Andreas Heinz, MD; Matthias Reimold, MD; Jana Wrase; Derik Hermann, MD; Bernhard Croissant, MD; Götz Mundle, MD; Bernhard M. Dohmen, MD; Dieter H. Braus, MD; Gunter Schumann, MD; Hans-Jürgen Machulla, MD; Roland Bares, MD; Karl Mann, MD

Arch Gen Psychiatry. 2005;62:57-64.

Background  The pleasant effects of food and alcohol intake are partially mediated by µ-opiate receptors in the ventral striatum, a central area of the brain reward system. Blockade of µ-opiate receptors with naltrexone reduces the relapse risk among some but not all alcoholic individuals.

Objective  To test the hypothesis that alcohol craving is pronounced among alcoholic individuals with a high availability of µ-opiate receptors in the brain reward system.

Design  Patients and comparison sample. The availability of central µ-opiate receptors was measured in vivo with positron emission tomography (PET) and the radioligand carbon 11–labeled carfentanil in the ventral striatum and compared with the severity of alcohol craving as assessed by the Obsessive Compulsive Drinking Scale (OCDS).

Setting  Hospitalized care.

Participants  Volunteer sample of 25 male alcohol-dependent inpatients assessed after detoxification of whom 12 underwent PET again 5 weeks later.
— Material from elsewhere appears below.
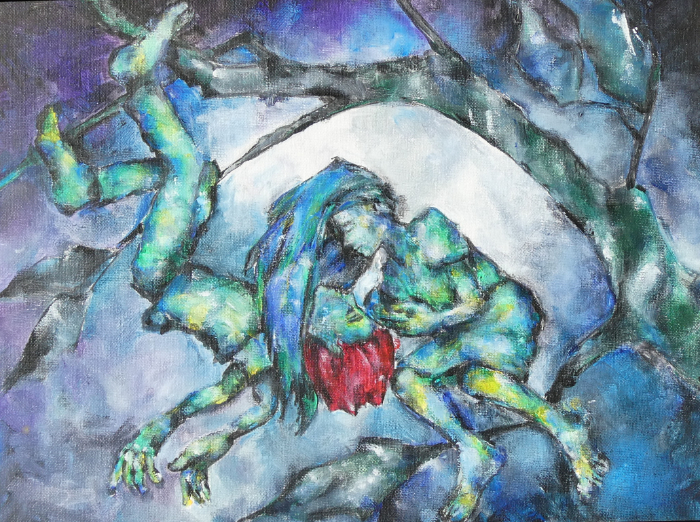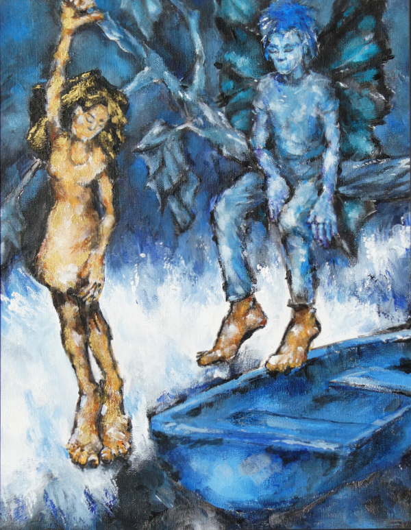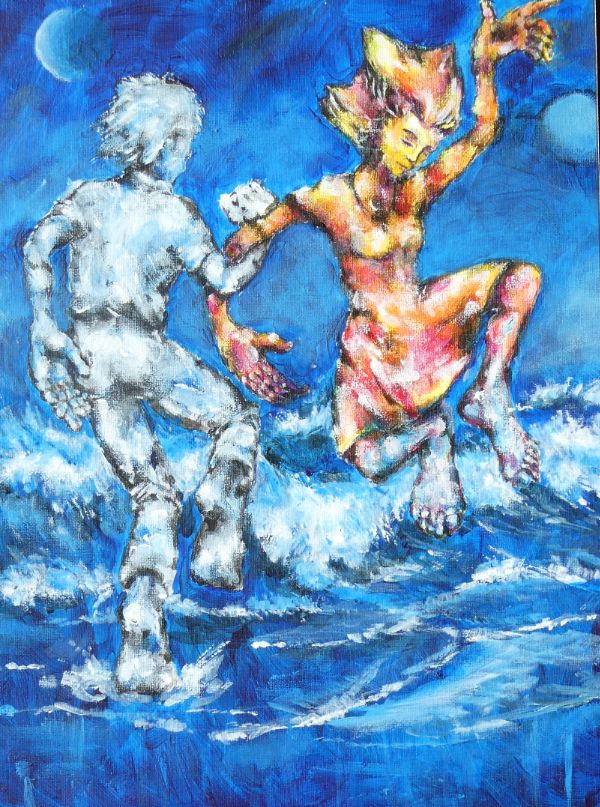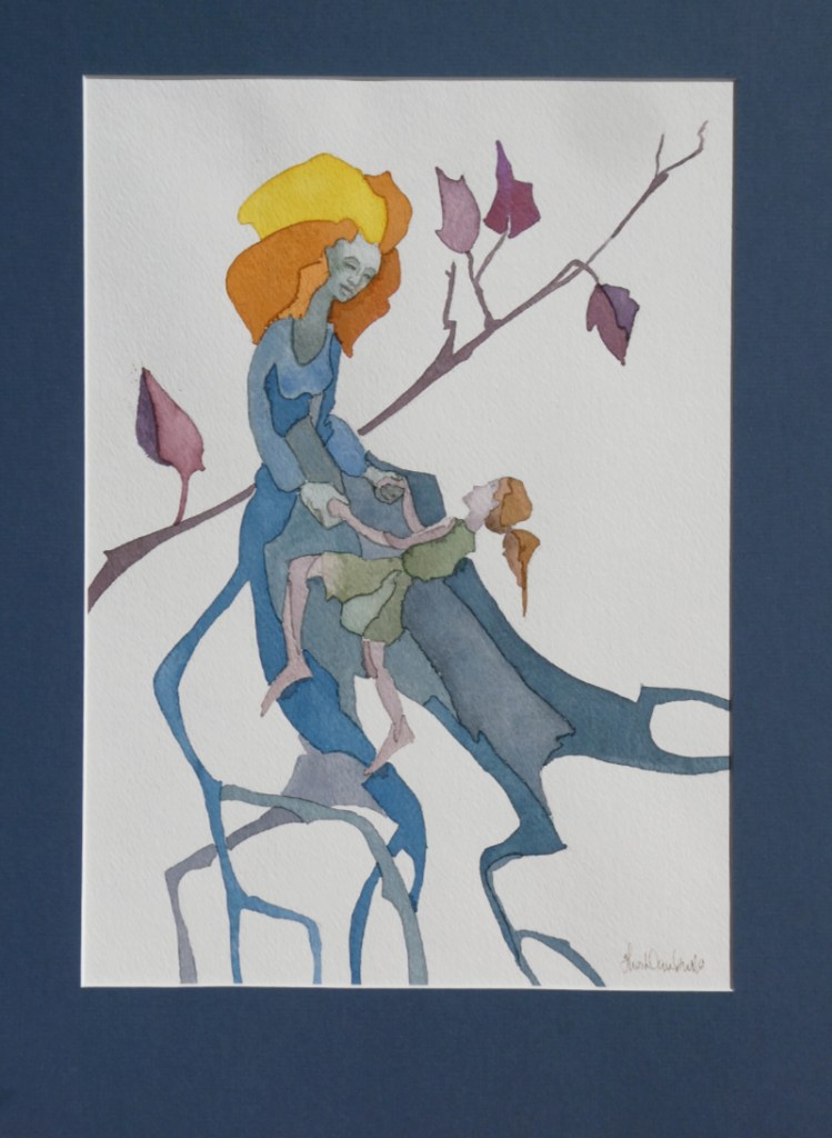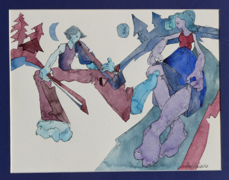 Imaginative and fantastical, the following paintings catch moments of giddy joy, personal interconnection, or reaching (literally) for the moon. Theo’s paintings of this sort have often made good gifts, marking special events or relationships through their associations. Each is easily given your own meaning by a personal story.

Control group of 10 healthy men.

Main Outcome Measures  After 1 to 3 weeks of abstinence, the availability of µ-opiate receptors in the ventral striatum, including the nucleus accumbens, was significantly elevated in alcoholic patients compared with healthy controls and remained elevated when 12 alcoholic patients had these levels measured 5 weeks later (P<.05 corrected for multiple testing). Higher availability of µ-opiate receptors in this brain area correlated significantly with the intensity of alcohol craving as assessed by the OCDS.
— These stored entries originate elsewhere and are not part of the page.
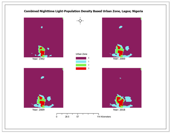 Finally, for a more robust and reliable urbanization characterization, both the nighttime light criteria and the population density-based criteria are combined for the corresponding zone (Table 1) and the same four zones with the same purposes of urban development representation were created.
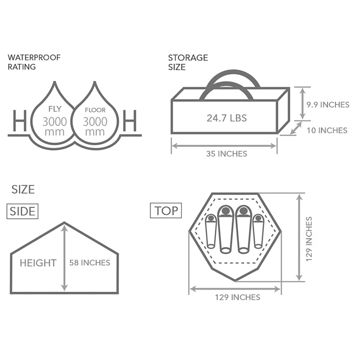 • Hexagonal floor easily allows three people to sleep
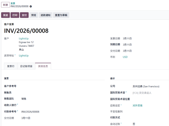 创建/编辑发票时,在 **其他信息** 标签页可看到:
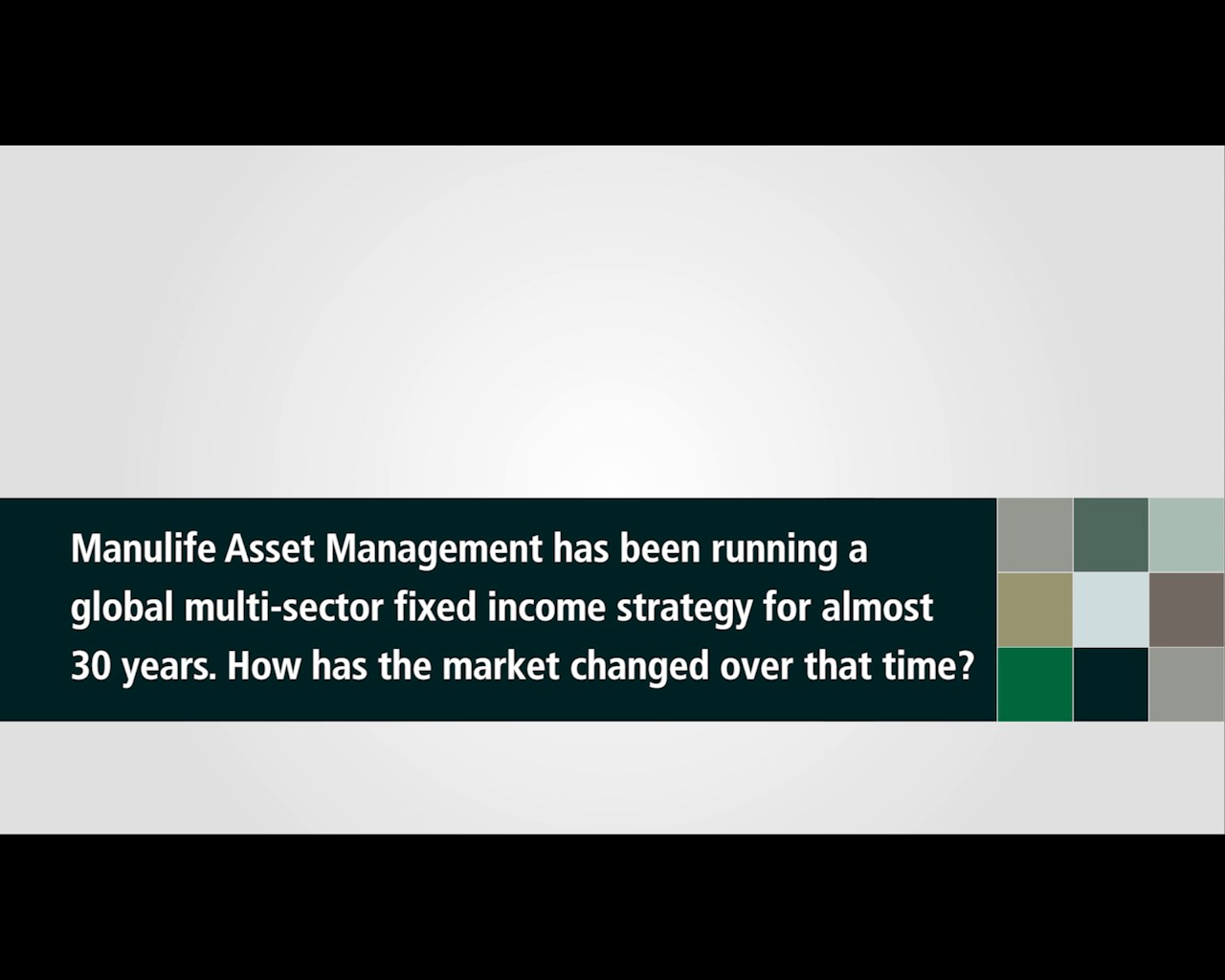 Entry Highlights: View Competition Class Performance | Company Name: | Manulife Asset Management  | | Company Web Site: | www.manulifeam.com | | Company Ticker Symbol: | Yes | | Project Name: | "Unconstrained Opportunity" | | Competition Category: | Video/Audio: Testimonial/Case Study | | Annual Revenue: | $10+ billion | | Employee Base: | 1,000 - 10,000 Employees | | Award Garnered: | Platinum | | Top 100 Rank: | 28 | | | | Judging Results | | First Impression: | | | Overall Narrative: | | | Overall Visual Design: | | | Creativity: | | | Message Clarity: | | | Perceived Relevance: | | | Total Score: | |
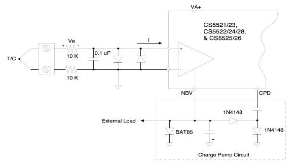 CS5521/23、CS5522/24/28 和 CS5525/26 系列 A/D 轉(zhuǎn)換器包含斬波穩(wěn)定儀表放大器,用于測量低電平直流信號(±100 mV 或更小)。該放大器設(shè)計用于產(chǎn)生非常低的輸入采樣電流(在 -40 至 +85?C 范圍內(nèi),ICVF < 300 pA)。當(dāng)使用高阻抗電路進行輸入保護時,低輸入電流可限度地減少熱電偶測量中可能出現(xiàn)的誤差,如圖 1 所示。
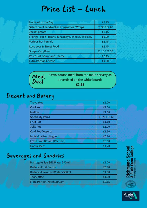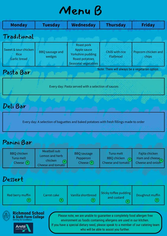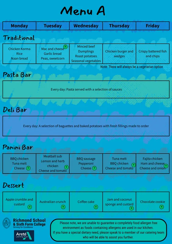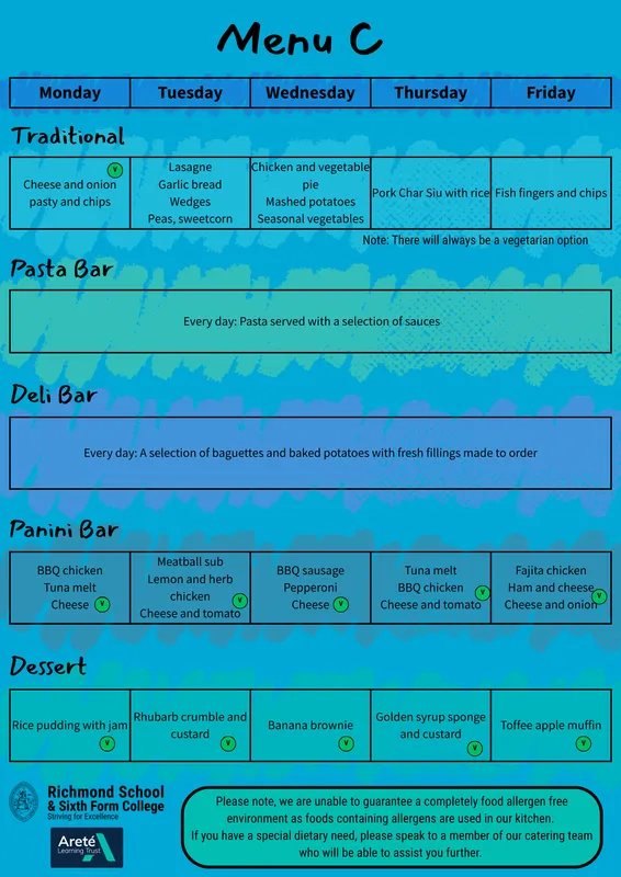 If any student has an allergy or special dietary need, please speak to a member of our catering team who will be able to assist further.
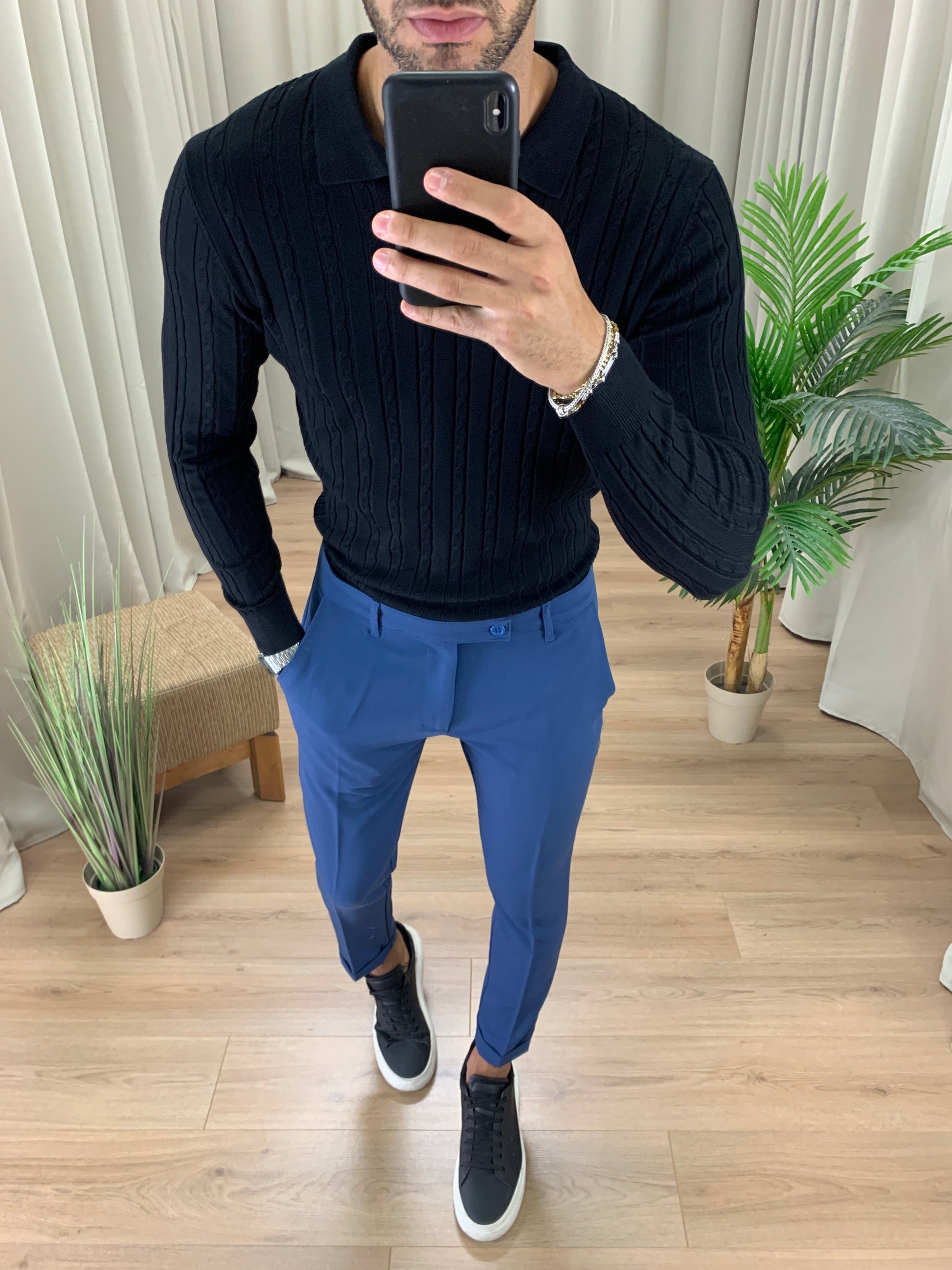 Pantalone con piega centrale, rimane slim al polpaccio e corto alla caviglia con risvolto cucito

Conclusions  Abstinent alcoholic patients displayed an increase in µ-opiate receptors in the ventral striatum, including the nucleus accumbens, which correlated with the severity of alcohol craving. These findings point to a neuronal correlate of alcohol urges.
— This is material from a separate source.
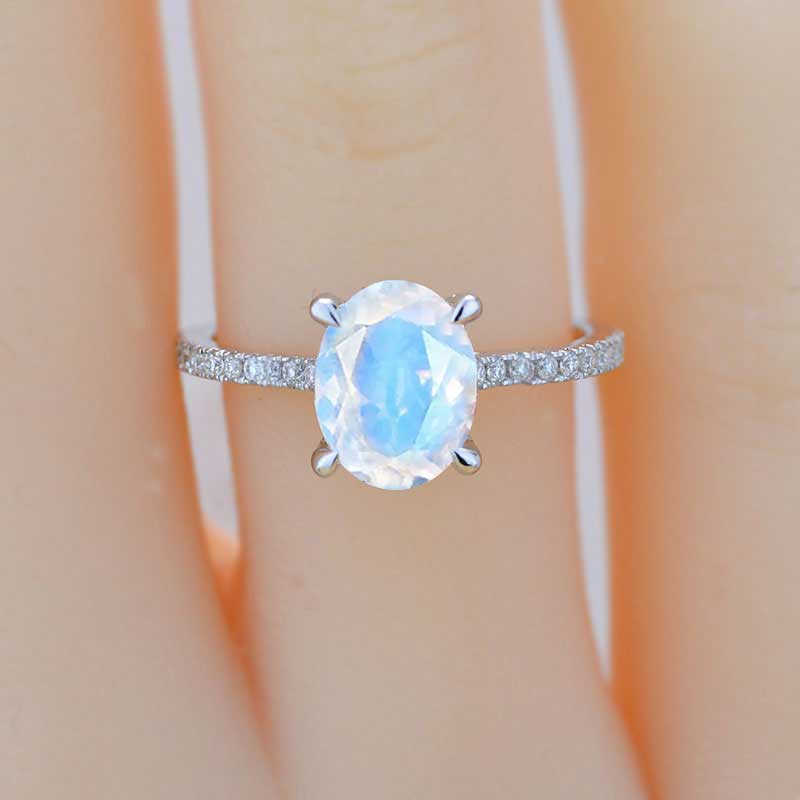 3 Carat Oval Natural Moonstone Ring, Hidden Halo Gold Engagement Ring

Author Affiliations: Department of Psychiatry, Charité University Medicine Berlin, Campus Charité Mitte, Berlin, Germany (Dr Heinz and Ms Wrase); Departments of Nuclear Medicine (Drs Reimold, Dohmen, and Bares), Radiopharmacy and PET Center (Dr Machulla), and Psychiatry (Dr Mundle), University of Tuebingen, Germany; and Department for Addictive Behavior and Addiction Medicine (Drs Hermann, Croissant, and Mann), Department of Psychiatry (Drs Braus and Schumann), Central Institute of Mental Health, University of Heidelberg, Mannheim, Germany.